BRIEF:
The full listing, exactly as written and with no images, is the expected output.

SUPPLIED RECORDS:
┌──
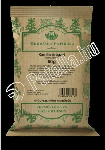 KamillavirágzatAlkalmazása:Belsőleg: emésztőrendszeri panaszok esetén, enyhe gyomor-és bélgörcsök, valamint felfúvódás kezelésére használható. Külsőleg: bőr-és nyálkahártya-, valamint íny és szájüregi gyulladások kezelésére öblögetőszerként, légúti panaszok esetén inhalálásra alkalmazható. Kiszerelés: 71105
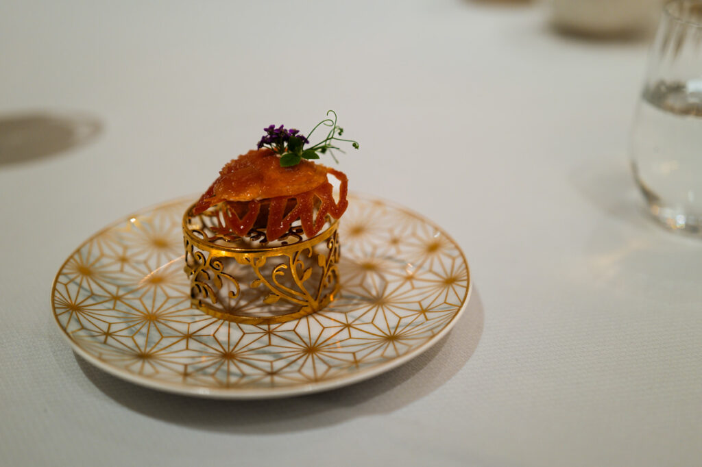 Snack nummer to ligger på en gullfarget pidestall. Den lille terten er et kreativt kunstverk i seg selv. Den lille krabben på pidestallen understreker at dette er kongen av krabbe, nemlig kongekrabben.
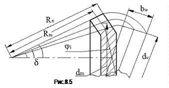Внешнее конусное расстояние Re определяет габариты передачи (рис. 8.1).
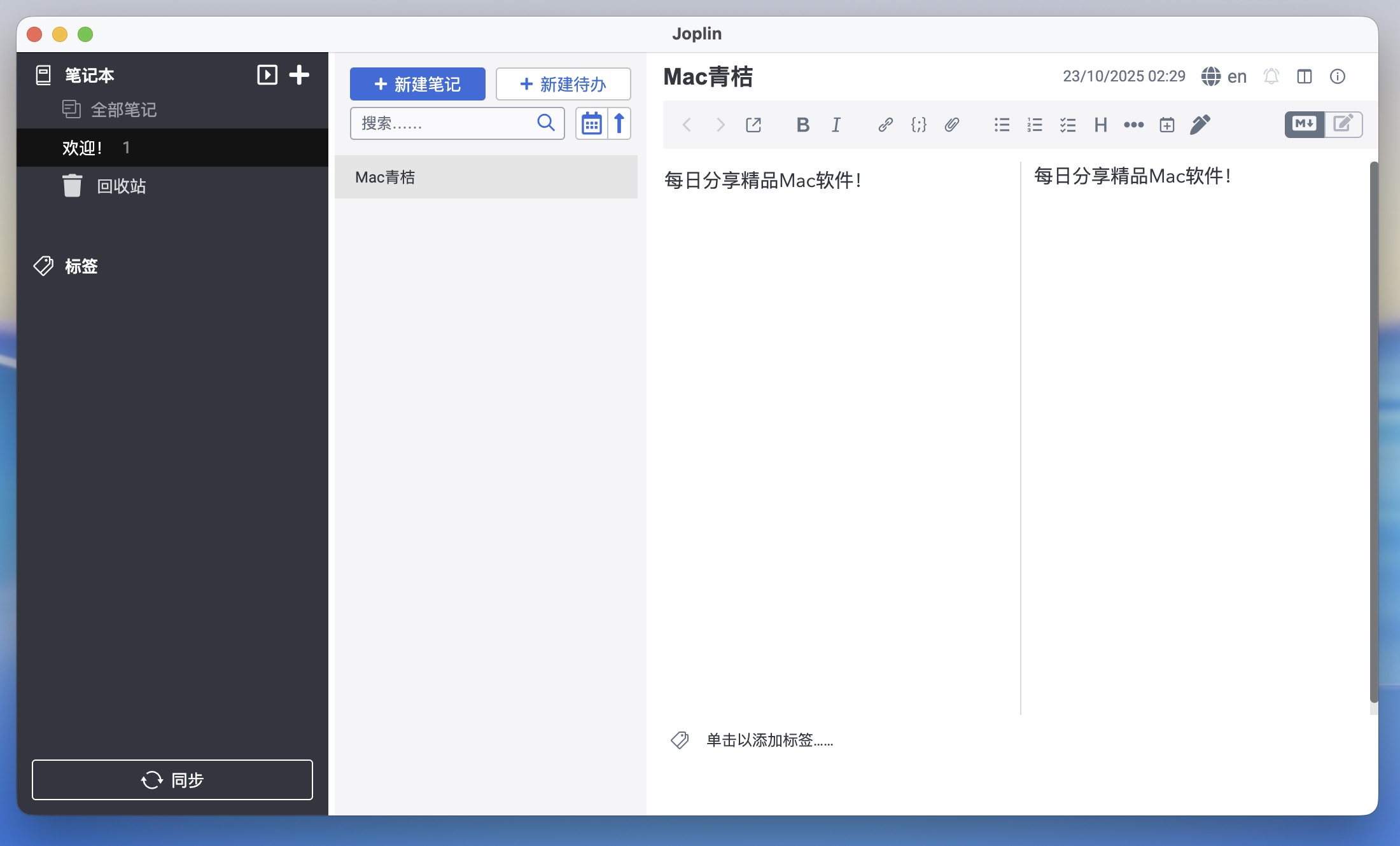 Joplin 是一款功能全面、灵活安全的 Mac 笔记和知识管理工具,无论是日常记录、工作整理还是学术研究,都能提供高效、稳定的支持。如果你正在寻找一款开源且跨平台的笔记管理软件,推荐前往 Mac青桔 搜索并下载 Joplin,平台安全可靠,并经过真机实测,为你的知识管理保驾护航。
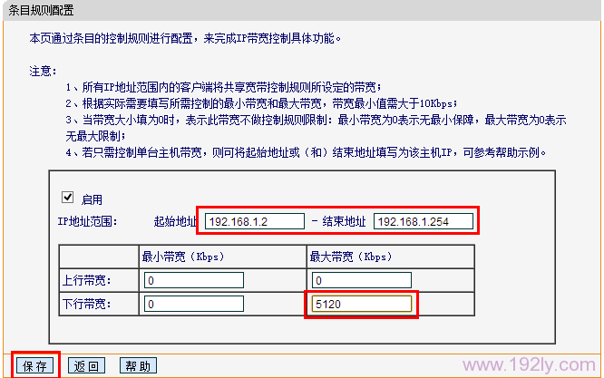 3、添加具體限速條目:勾選“啟用”—->在“起始地址”中填入192.168.1.2,在“結(jié)束地址”中填入192.168.1.254—->分別在“最大寬帶”與“下行寬帶”的對(duì)應(yīng)位置填寫5120—->最后點(diǎn)擊“保存”。
└──
ANSWER TO THE PROBLEM:
 KamillavirágzatAlkalmazása:Belsőleg: emésztőrendszeri panaszok esetén, enyhe gyomor-és bélgörcsök, valamint felfúvódás kezelésére használható. Külsőleg: bőr-és nyálkahártya-, valamint íny és szájüregi gyulladások kezelésére öblögetőszerként, légúti panaszok esetén inhalálásra alkalmazható. Kiszerelés: 71105
 Snack nummer to ligger på en gullfarget pidestall. Den lille terten er et kreativt kunstverk i seg selv. Den lille krabben på pidestallen understreker at dette er kongen av krabbe, nemlig kongekrabben.
Внешнее конусное расстояние Re определяет габариты передачи (рис. 8.1).
 Joplin 是一款功能全面、灵活安全的 Mac 笔记和知识管理工具,无论是日常记录、工作整理还是学术研究,都能提供高效、稳定的支持。如果你正在寻找一款开源且跨平台的笔记管理软件,推荐前往 Mac青桔 搜索并下载 Joplin,平台安全可靠,并经过真机实测,为你的知识管理保驾护航。
 3、添加具體限速條目:勾選“啟用”—->在“起始地址”中填入192.168.1.2,在“結(jié)束地址”中填入192.168.1.254—->分別在“最大寬帶”與“下行寬帶”的對(duì)應(yīng)位置填寫5120—->最后點(diǎn)擊“保存”。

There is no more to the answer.